Despite the possibility of being swallowed up by increasingly aggressive M&A strategies, managers continue to spin out in the hope of leaving their mark on the industry.

Welsch, who set up Welsch Captive Management in November 2018, claims that in order to move the industry forward, an independent view is required.

“When you look at development and relation in insurance, the larger companies aren’t doing anything particularly new, let’s be honest. The big thing everyone talks about is blockchain, but that’s essentially a tool. It’s not a solution, it’s what you do with it”, he explains.

“It comes down to creating innovation, utilising data, focusing on the customer space and driving forward that solution rather than just concentrating on what people consider to be profitable models.

“For the large part, insurance has been commoditised. In the commercial and corporate space, that’s interesting because it stops innovation.”

Regulatory troubles
While some believe innovation is best driven from an independent, regulatory pressures in the age of Solvency II, Beps and the IRS’ captive insurance clampdown could be the downfall for managers at the smallest end of the scale.

“Some independents will be looking at getting acquired because they just cannot provide what many of their clients now need”, predicts Owens. “The smaller guys can’t deliver actuarial functions, compliance, all the stuff that captives really need nowadays.

“Given where we are now, with Beps, substance and increasing regulatory requirements, one man bands will simply not be able to satisfy the requirements, and captive owners are recognising this”.

Increasing regulatory requirements and uncertainty was not a pressure for Strategic Risk Solutions (SRS) when it was entering the European market, and it actually posed an opportunity.
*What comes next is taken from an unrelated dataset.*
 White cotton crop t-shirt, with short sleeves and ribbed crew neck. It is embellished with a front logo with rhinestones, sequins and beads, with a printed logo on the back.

Stuart King, managing director for SRS Europe explains: “Solvency II created so much uncertainty, it was the right time to set up in Europe. We are experiencing a big growth area in the Solvency II and governance areas. That’s really where we’ll grow”.

Mid-market growth
As industry giants tie up and finalise their deals, mid-market managers like Artex and SRS could find themselves with an opportunity to grow through a new surge of clients as well as acquisition opportunities.
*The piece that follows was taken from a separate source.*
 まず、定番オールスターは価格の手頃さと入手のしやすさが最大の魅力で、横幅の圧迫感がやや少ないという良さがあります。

“You will see independents getting bigger”, says Owens. “SRS are branching out, the recent acquisition of Ark Insurance Management PCC in Malta for example. Their success is driven by their independence and flexible entrepreneurial culture”.

Artex, which is owned by Arthur J Gallagher, will continue looking to buy business, reveals McManus. “We have a very healthy prospect list, many of which have been in a dialogue with us for a number of years. We currently have one in due diligence and have term sheets under discussion with a number of others”.

Real growth?
Although the past 12 months saw a whirlwind of deals and mergers, King does not believe that the European market will continue to bring acquisition opportunities. “There’s not actually too many players. We’ve analysed a lot of them, through acquisition or organically. I don’t see a huge acquisition in Europe. We don’t have too many acquisition targets in Europe, our desire is just to be a boutique player with independent programme design with high quality delivery on the management side.”
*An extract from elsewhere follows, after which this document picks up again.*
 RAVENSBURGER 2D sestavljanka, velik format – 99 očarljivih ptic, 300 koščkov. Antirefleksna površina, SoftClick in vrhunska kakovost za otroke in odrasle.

As mergers and acquisitions continue into the year ahead, Welsch claims that a lack of forward movement in the insurance industry could push businesses towards independent managers who can work directly to their needs. “People want something new. Where’s the future? This is part of what needs to happen, and the captive space is where things will go.

“Big companies are not always the best choice. As an independent, you can help companies understand things more because they feel you’re closer to them. Your interest is more aligned than a large insurer”, he concludes.